Differential Similarity in Higher Dimensional Spaces: Theory and Applications
L. Thorne McCarty
TL;DR
This work extends the differential similarity framework to $n$-dimensional spaces by unifying a Riemannian dissimilarity metric with a drift-diffusion probabilistic model driven by a potential $U(\boldsymbol{x})$, yielding a coordinate system on a Frobenius integral manifold that enables principled, low-dimensional data encoding. The geometric model defines a radial coordinate $\rho$ along $\nabla U$ and angular coordinates $\Theta$, with a globally defined metric $g_{ij}(\boldsymbol{x})$, and leverages Frobenius integrability to ensure a well-posed, interpretable lower-dimensional embedding. Estimation of $\nabla U(\boldsymbol{x})$ from data is achieved via a mean-shift gradient of the kernel density, enabling computation of geodesic curves and coordinate flows; the method is demonstrated on MNIST and CIFAR-10, showing meaningful, structured encodings and clusterable subspaces. The paper further develops practical strategies (ellipsoidal approximations, product and quotient manifolds) to scale to higher dimensions and complex data, and it discusses future directions, including connections to deep generative models and manifold-structured representations. Overall, the approach provides a mathematically grounded, geometry-aware framework for dimensionality reduction and clustering that respects both local and global data structure and offers a path toward integrating diffusion-based and geometric insights into deep learning contexts.
Abstract
This paper presents an extension and an elaboration of the theory of differential similarity, which was originally proposed in arXiv:1401.2411 [cs.LG]. The goal is to develop an algorithm for clustering and coding that combines a geometric model with a probabilistic model in a principled way.
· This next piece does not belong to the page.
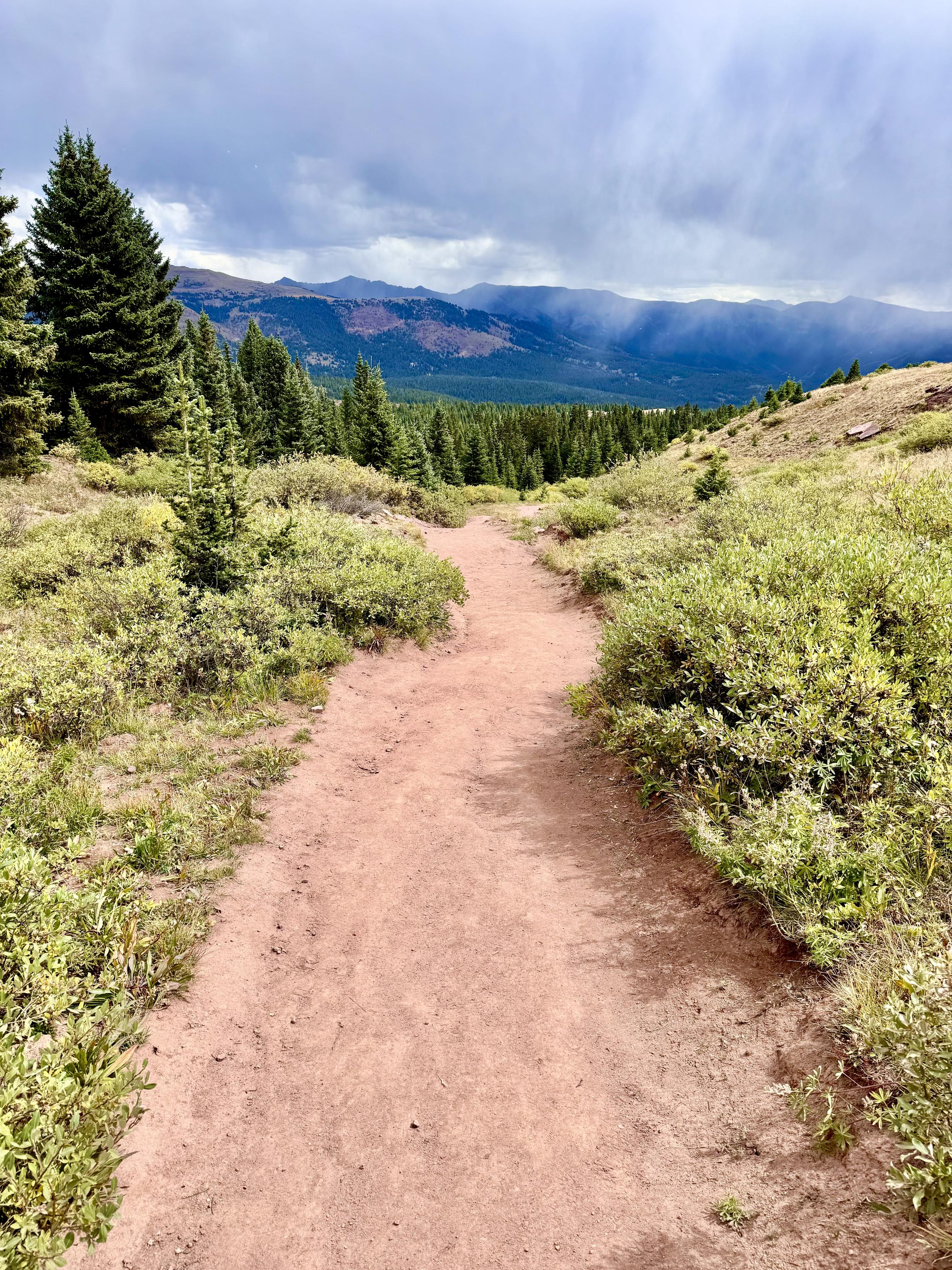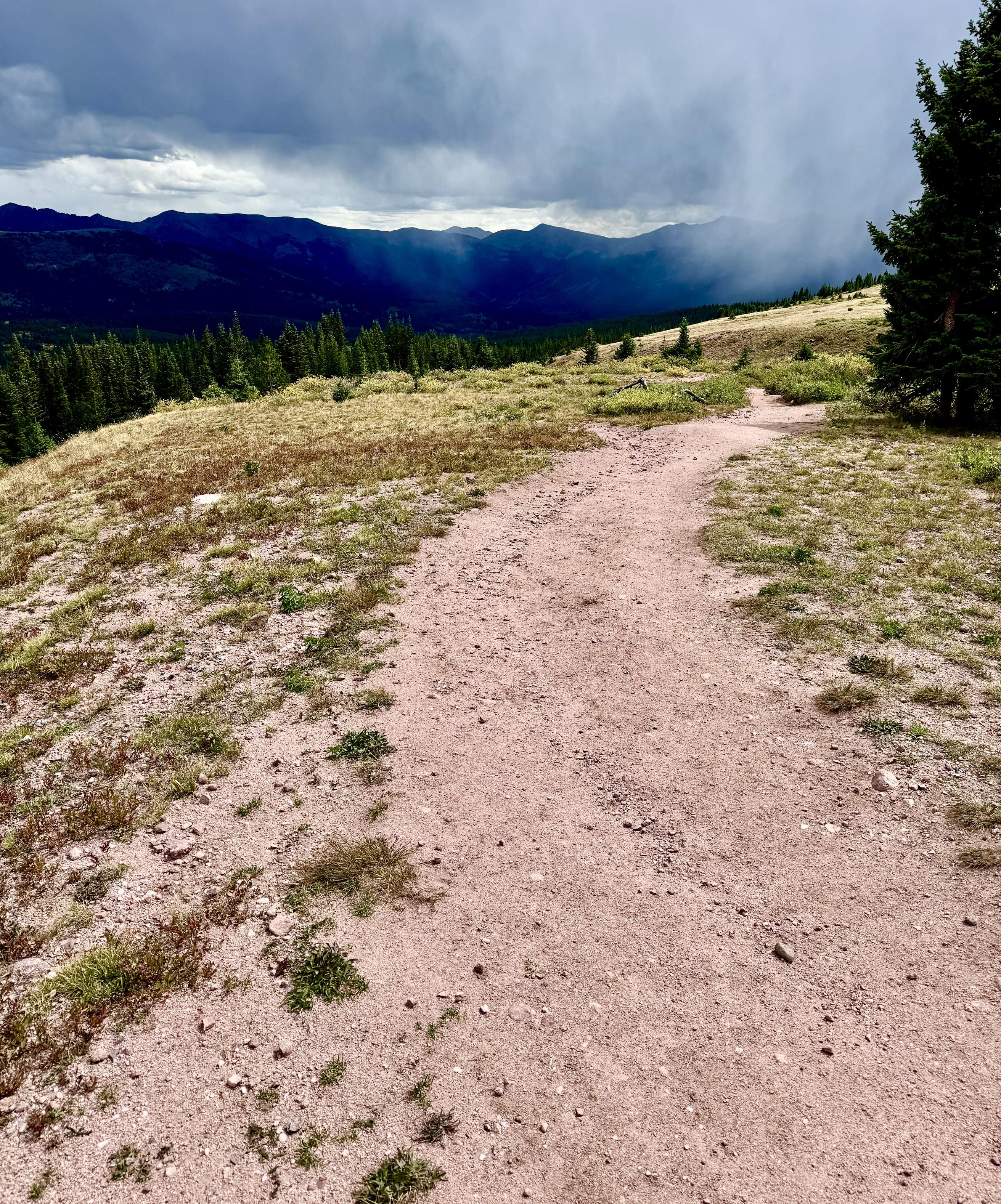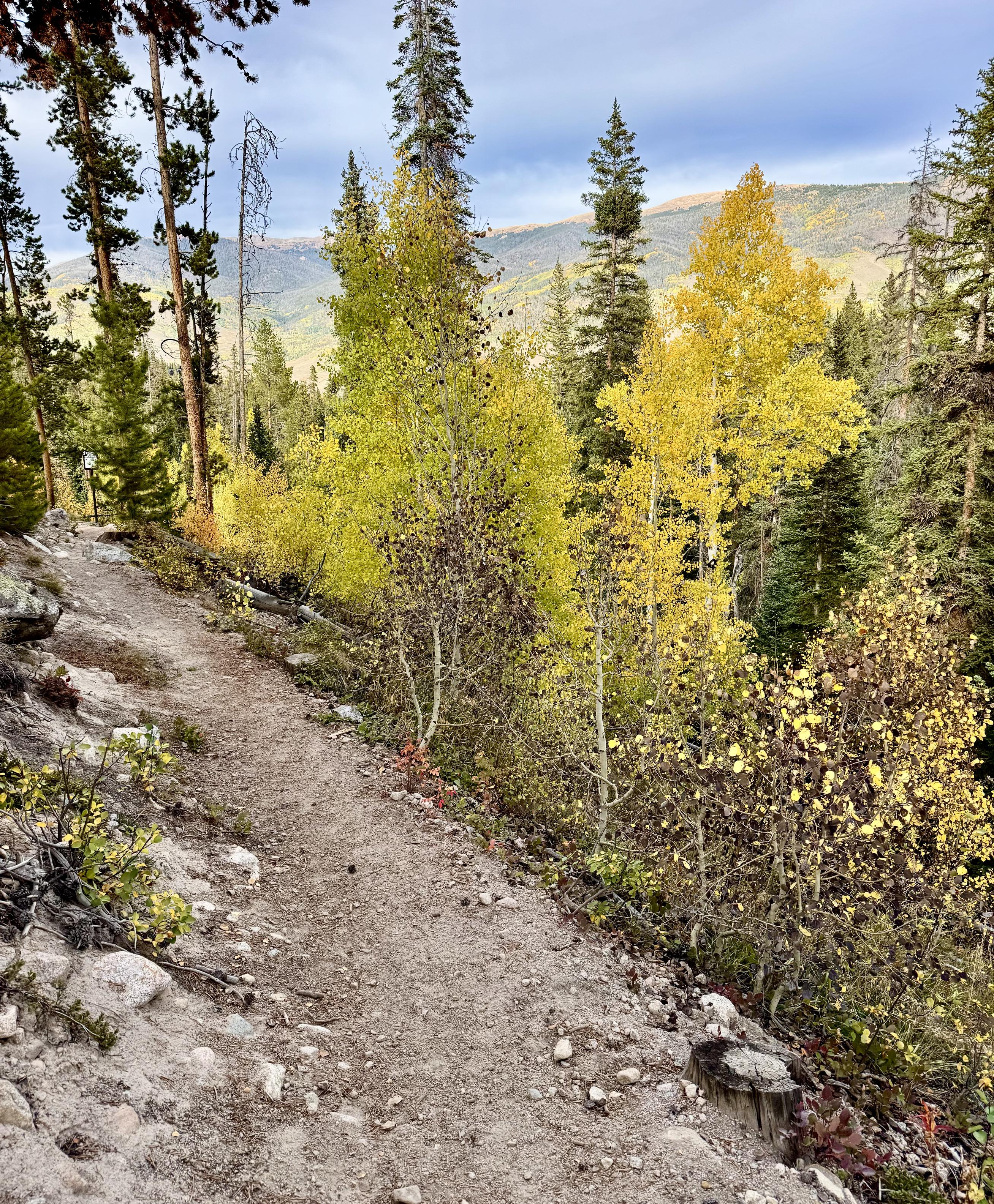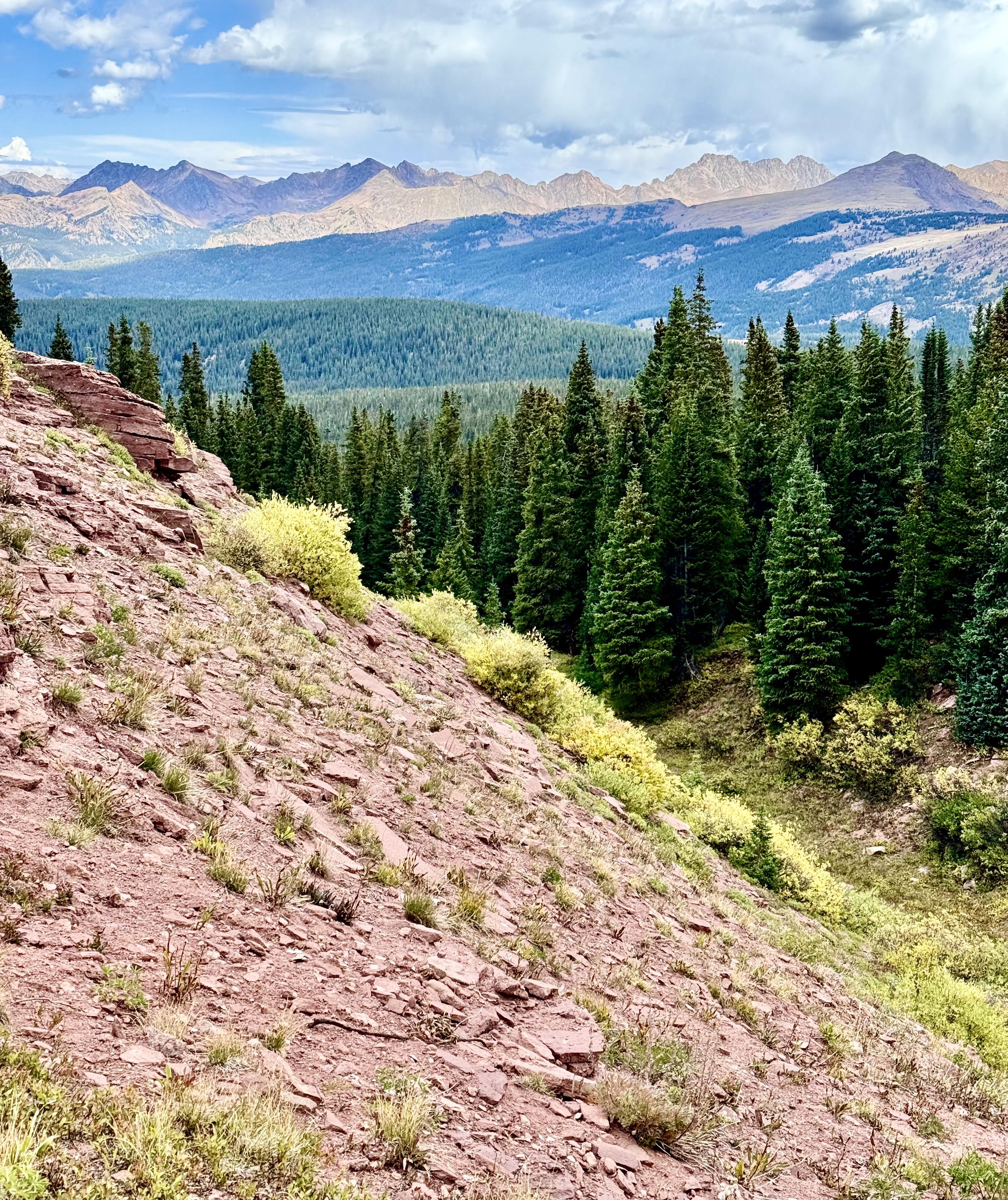 A group of hikers stands on a mountain trail, surrounded by a scenic landscape of hills and valleys. They are wearing blue shirts and various hats, with some posing playfully. Several backpacks and gear are scattered on the ground around them. The sky is blue.

For simplicity, the geometric model in the earlier paper was restricted to the three-dimensional case. The present paper removes this restriction, and considers the full $n$-dimensional case. Although the mathematical model is the same, the strategies for computing solutions in the $n$-dimensional case are different, and one of the main purposes of this paper is to develop and analyze these strategies. Another main purpose is to devise techniques for estimating the parameters of the model from sample data, again in $n$ dimensions. We evaluate the solution strategies and the estimation techniques by applying them to two familiar real-world examples: the classical MNIST dataset and the CIFAR-10 dataset.